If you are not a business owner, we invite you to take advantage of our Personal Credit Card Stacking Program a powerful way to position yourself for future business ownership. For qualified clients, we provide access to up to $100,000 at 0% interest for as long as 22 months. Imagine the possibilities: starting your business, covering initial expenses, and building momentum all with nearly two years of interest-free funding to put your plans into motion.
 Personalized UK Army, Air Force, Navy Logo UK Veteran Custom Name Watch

---

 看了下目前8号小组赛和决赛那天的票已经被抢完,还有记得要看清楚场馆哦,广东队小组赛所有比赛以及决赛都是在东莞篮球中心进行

**Directions**:
Lines wanted from the listing above: the line with "If you are not" up to and including the line with "Personalized UK Army, Air". Please write them out exactly, adding nothing else.

**Answer to the exercise**:
If you are not a business owner, we invite you to take advantage of our Personal Credit Card Stacking Program a powerful way to position yourself for future business ownership. For qualified clients, we provide access to up to $100,000 at 0% interest for as long as 22 months. Imagine the possibilities: starting your business, covering initial expenses, and building momentum all with nearly two years of interest-free funding to put your plans into motion.
 Personalized UK Army, Air Force, Navy Logo UK Veteran Custom Name Watch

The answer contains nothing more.